■ **EXERCISE OBJECTIVE**: When the line with "Oficiální pohlednice ČOS" comes up, set it down and every later line to the end of the data, exactly and without pictures.

■ **DATA SEGMENT**:

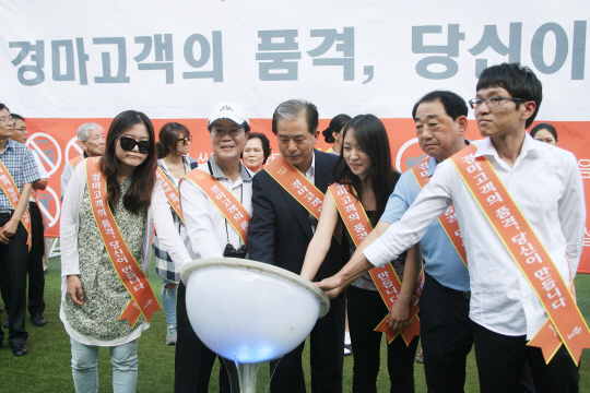 고객 리스펙트 캠페인 선포식이 개최됐다. 지난 27일 렛츠런파크 서울 9경주 종료 후 시작된 이날 행사에는 경마고객 남녀 2명이 '경마고객 에티켓 헌장'을 공표하는 등 경마고객과 마사회 임직원을 대표해 참석한 40여명이 품격있는 경마문화 조성을 위해 캠페인에 적극 참여할 것을 다짐했다.
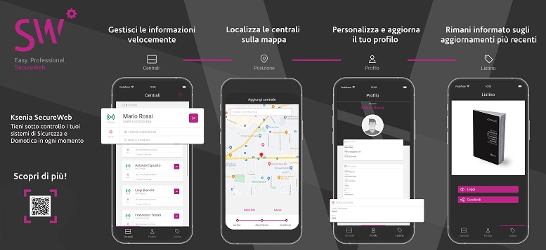 La piattaforma è semplice e veloce da installare grazie all’acquisizione tramite QR-code e registrazione con geo-localizzazione e può essere configurata da remoto tramite l’interfaccia cloud Ksenia SecureWeb o tramite l’App Ksenia Pro.
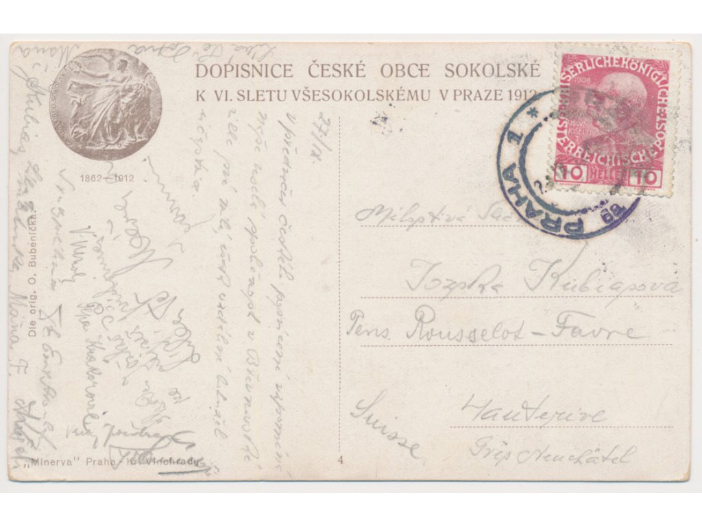 Oficiální pohlednice ČOS k VI. sletu všesokolskému v Praze, 1912
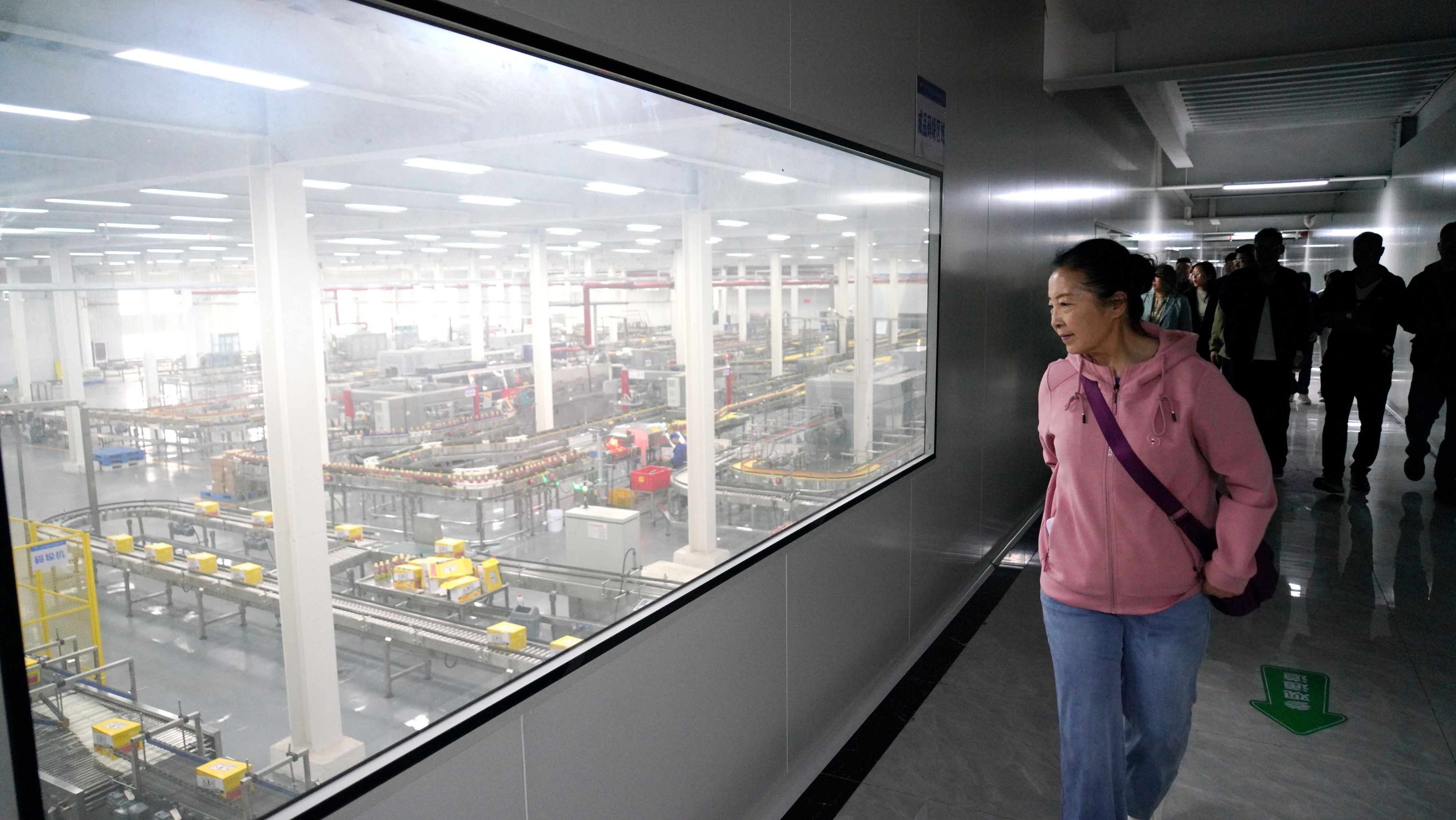 4月21日,游客在山东庄锦记食品有限公司工厂参观通道游览。

■ **SOLUTION TO THIS EXERCISE**:
 Oficiální pohlednice ČOS k VI. sletu všesokolskému v Praze, 1912
 4月21日,游客在山东庄锦记食品有限公司工厂参观通道游览。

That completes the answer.